Acute lung injury is a common form of respiratory failure in critically ill patients, with 30 to 40% associated mortality and no effective treatments other than supportive care. Mesenchymal stem cells, also known as bone marrow–derived stromal cells (BMSCs), improve survival in mouse models of acute lung injury and will likely soon be in clinical trials for this indication. Some prior studies have demonstrated that the conditioned culture media from mesenchymal stem cells is nearly as potent as the cells themselves, raising the question of whether cell-cell contact is required for the BMSCs to be effective. The recent publication by Islam et al. on mitochondrial transfer from BMSCs to injured lung epithelial cells provides new and important insight into this question.

Using intravital microscopy in a mouse model of lipopolysaccharide (LPS)–induced lung injury, Islam and colleagues first demonstrated that mouse BMSCs administered intratracheally attach to alveolar epithelial cells after injury via gap junctional channels. Once attached, the BMSCs then release mitochondria-containing microvesicles, which then seem to be engulfed by the epithelium. The presence of the BMSC-derived mitochondria within the epithelium was demonstrated both with clear intravital microscopic imaging, as well as by the presence of human mitochondrial DNA in alveolar epithelial cells from mouse lungs that had been treated with human BMSCs. Last, the authors confirmed prior reports that mouse BMSCs reduced the severity of LPS-induced acute lung injury and also enhanced survival. They also demonstrated that mutant mouse BMSCs lacking the ability to form gap junction channels or transfected with dysfunctional mitochondria were not similarly protective. These impressive results have strong biologic plausibility, because abnormal lung mitochondrial energetics are thought to contribute to the pathophysiology of organ failure in critical illness.
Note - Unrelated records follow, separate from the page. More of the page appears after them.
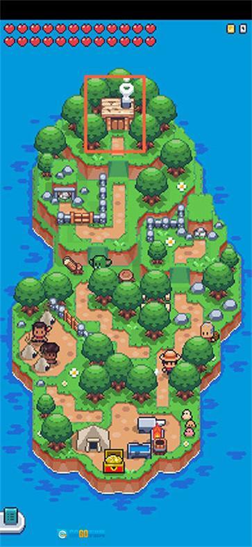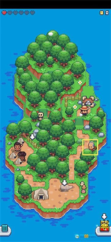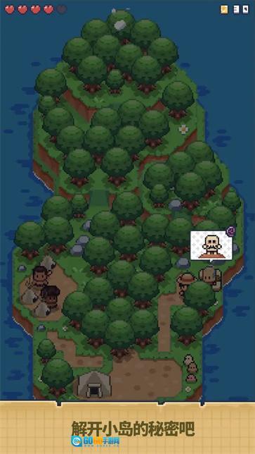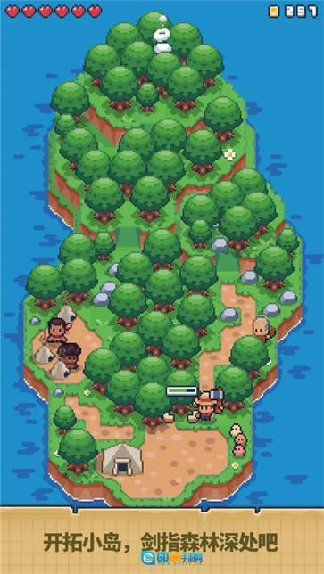 迷你荒岛求生是一款像素风格的模拟求生游戏。游戏里,主角不幸流落至一座荒岛,开局时身边仅有一把铲子相伴。这座小岛被茫茫大海环绕,乍一看除了树木与石头外,似乎再无其他事物。值得注意的是,初始的小铲子仅能铲倒小树,当玩家将所有小树都清理完毕后,新的区域便会随之解锁。此时,两位当地土著会出现在眼前,之后玩家就可以着手挖掘矿石,再用挖到的矿石和收集的木材,从土著那里换取斧头。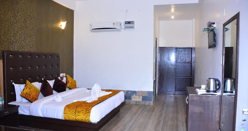 The well decorated deluxe rooms are spacious and clean with attached large balcony. Each room has twin bed with side tables, study tables, cupboard and a dressing area. The modern amenities inside the room include an intercom telephone and Wi-Fi internet facility at pocket friendly price. Interior designs of the ten of the deluxe rooms are based on the complete wildlife themes with a mud wall exterior with heavy wood crafted doors.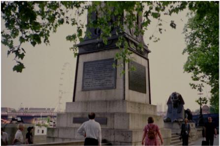 Ancient Egyptian monument on right.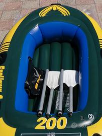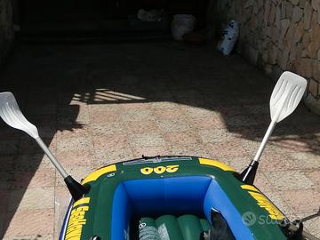Vendesi canotto gonfiabile Seahawk 200 con tre camere d'aria, mai utilizzato. Dotato di due remi, 2 supporti per canne da pesca uno per lato, 1 borsa porta attrezzi, fune da appiglio, 2 supporti rotazionali per remi, un maniglione a poppa. Dimensioni: 200 x 100 cm.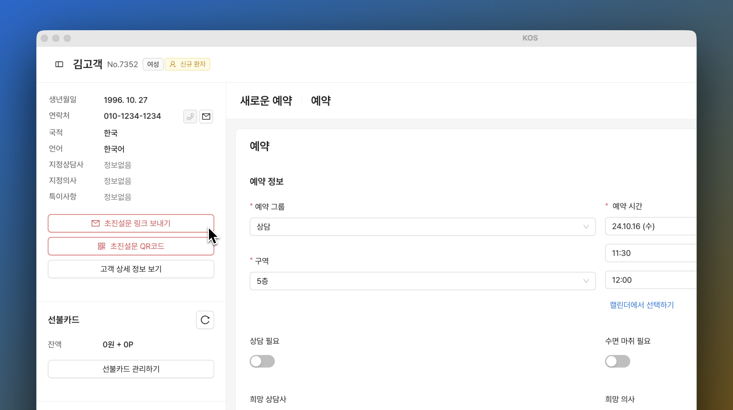 내원 시 고객 응대에 필요한 시간을 줄일 수 있고, 고객이 입력한 정보가 시스템에 자동으로 등록되어 추가 입력 작업이 필요 없습니다.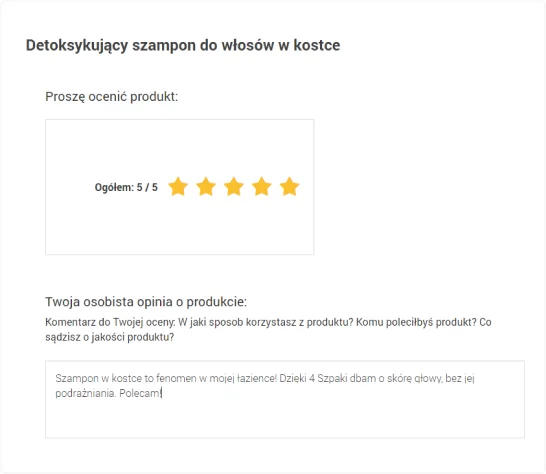 Marka 4 Szpaki korzysta z pogłębiającej ankiety produktowej, w której klient wystawia opinie dotyczącą zakupionych kosmetyków. Rozwiązanie to jest doskonałym źródłem informacji o produktach, ich jakości i praktycznym zastosowaniu.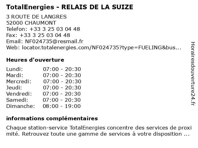 Termes de recherche pour TotalEnergies - RELAIS DE LA SUIZE:relais, la, de, total, suize, gas station, station service, tankstelle, totalenergies |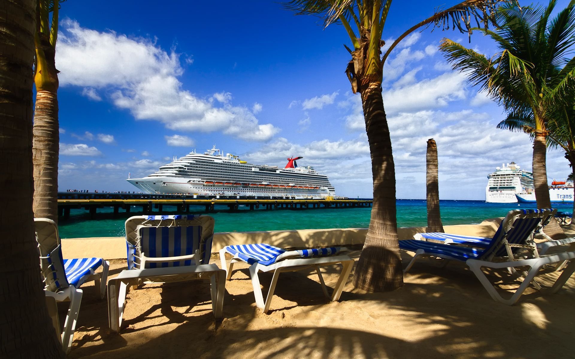 Île tropicale dans l'océan avec des palmiers au-dessus de l'eau, ciel clair et les rayons du soleilÎle tropicale dans l'océan avec des palmiers au-dessus de l'eau, ciel clair et les rayons du soleil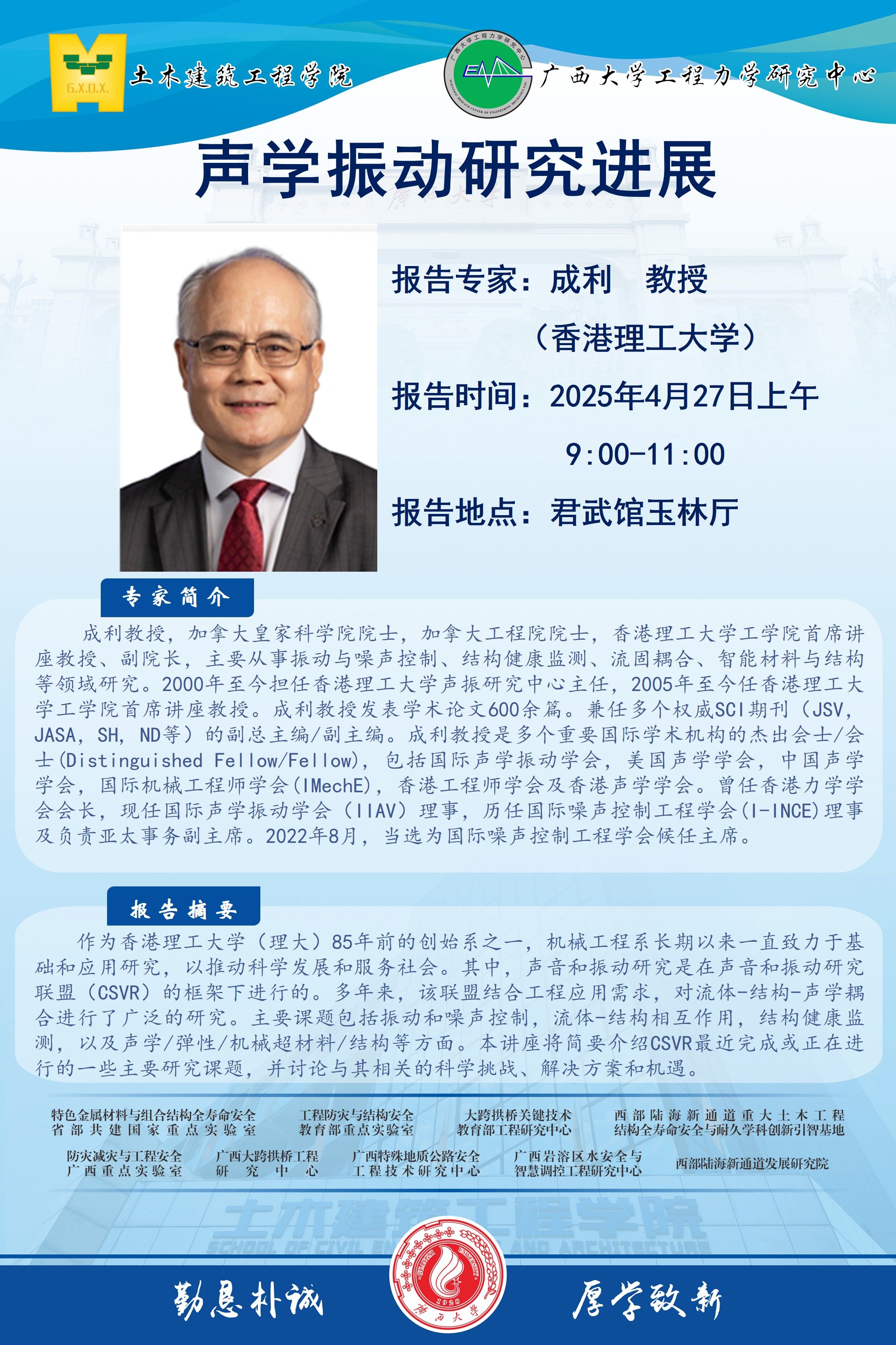 土木建筑工程学院、工程力学研究中心学术报告:声学振动研究进展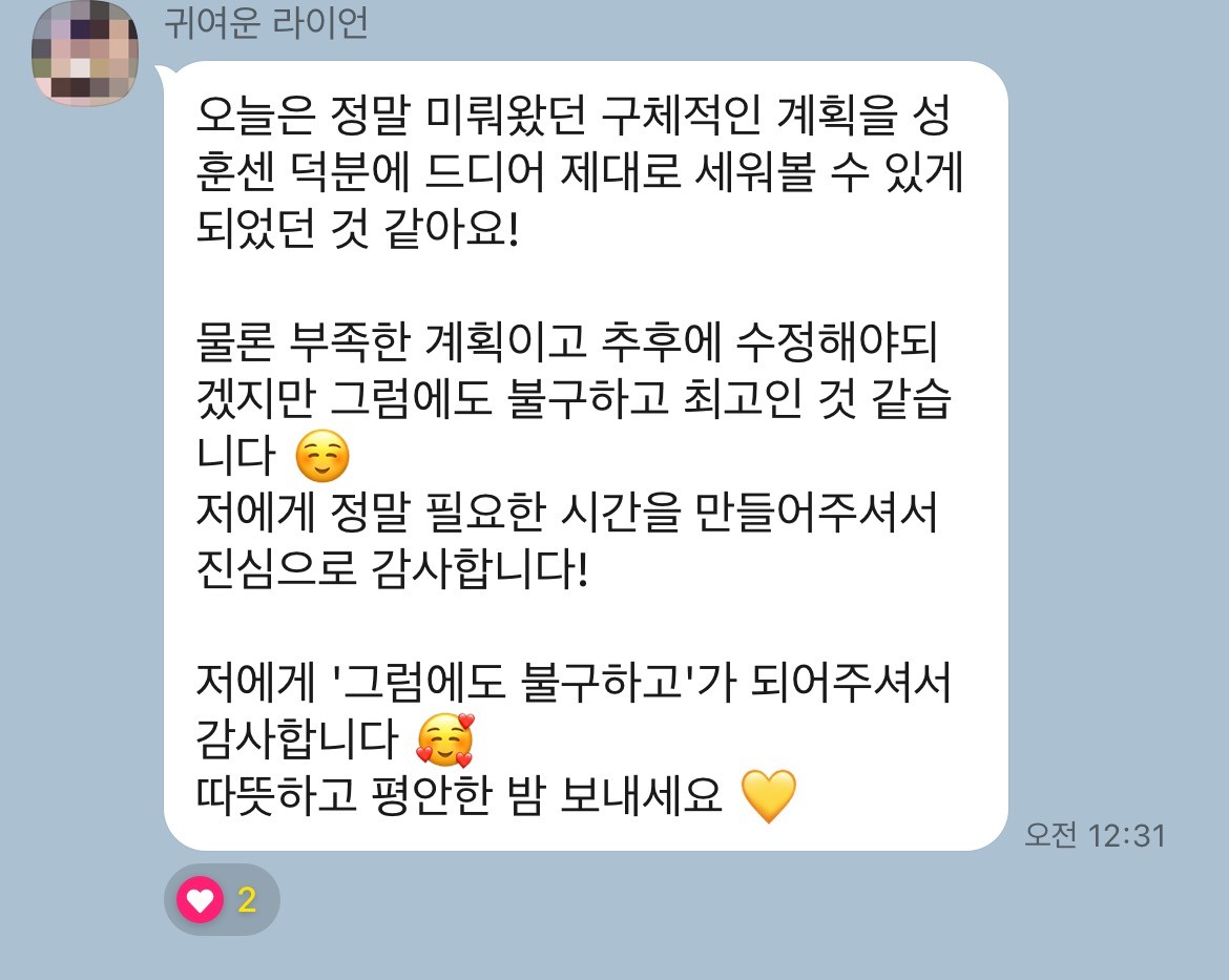 7일동안 매번 주시는 질문에 답을 하면서 쓰는 글쓰기는 목적이 있는 글쓰기, 그리고 코칭이 얼마나 중요한지 알게되었다. 나를 가이드해주는 질문 덕분에 나는 나를 자세히 볼 수 있었다. 그저 내 감정을 알아주는 차원을 넘어서 나의 단점도 나의 문제도 확실히 보았고 나의 삶의 모든 면을 돌아볼 수 있었다. ​

Several unanswered questions remain, including the relative importance of cell-contact dependent versus independent mechanisms in the therapeutic effect of BMSCs in this setting, and perhaps most importantly, what the role of mitochondrial transfer is in other clinical settings in which BMSCs are being tested (including myocardial infarction, inflammatory bowel disease, and graft-versus-host disease). Also, the exact mechanism for the transfer of mitochondria will need further study. Nevertheless, these new data from Islam et al. have important implications for the growing field of cell-based therapies, suggesting that the cells themselves, and not just their media, may be required for an optimal therapeutic effect.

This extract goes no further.